I weighed myself this morning.
First, as some of you know, I have some body dysmorphia. It co-occurs with what my doctor calls 'disordered eating' (Plus other stuff, all the root of everything-I'm a mess). That's when I eat whatever, freak out, eat less, feel happy, eat more. Yes, I also exercise, but it's not enough for the body issues. Maybe 'some' isn't the right word to describe my situation with body image.
I used to be very skinny at the beginning of the month. Then slowly, due to greasy food and my willful, blissful ignorance, I wasn't.
Yesterday, I promised 'All liquid diet this week' and 'You will both pole and run everyday'. I know the first one is idiotic, and the second one-because I've never been a runner-is just, I donno.
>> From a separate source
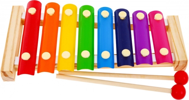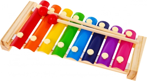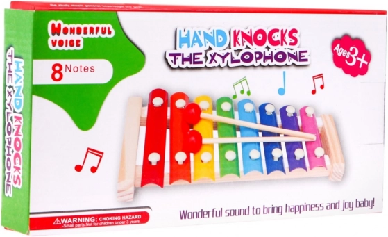 | Rozmery | - činely cca 24 cm x 12 cm x 3 cm, - najkratšia doštička cca 9 cm x 2,2 cm - najdlhšia doštička cca 12,5 cm x 2,2 cm, - palička cca 17 cm x 2 cm, - rozmery balenia cca 25,5 cm x 13,5 cm x 4 cm. |

So, bought some pressed juice, refilled my water bottles, prepped.
I assumed I weighed somewhere around 106, with my goal being 100 or less (Please, no telling me this is unreasonable or unhealthy-I'm self aware, and that's why I need to get it out.)
No, I weigh 110.
For me, the number was a blow. I need to fit into a costume! Now I may need to buy a new one! At least some new clothes, even though I have no money in the budget for it! I literally went through everything I owned today to find something for Halloween. Nothing looked right. Nothing felt right. Yesterday, my body was giving me problems on the visual end. Today that's coupled with the god damn number.
And then, because I cope in motherfucking maladaptive ways: I ate half a box of cookies. I threw them all out, and now I'm disgusted with myself.
I have to do this-get rid of excess weight-the hard way. In four days. That's not possible, in a scientific sense, unless I can summon the motivation to exercise heavily three times a day and drink only water, and pray that my prescribed Addy kicks into overdrive (Yes, I know that's really unhealthy thinking.)
I'm going to go for a run tonight when it's dark, after I see my doctor. I'll do a million crunches. I'll dance until the pole falls down.
Right now though, I want to sit very still, in one place, and cry.
Needed to get it all out, and, please-don't judge me or preach to me. I absolutely know that this is a problem. I'm getting help. I just want this feeling to go away along with the weight.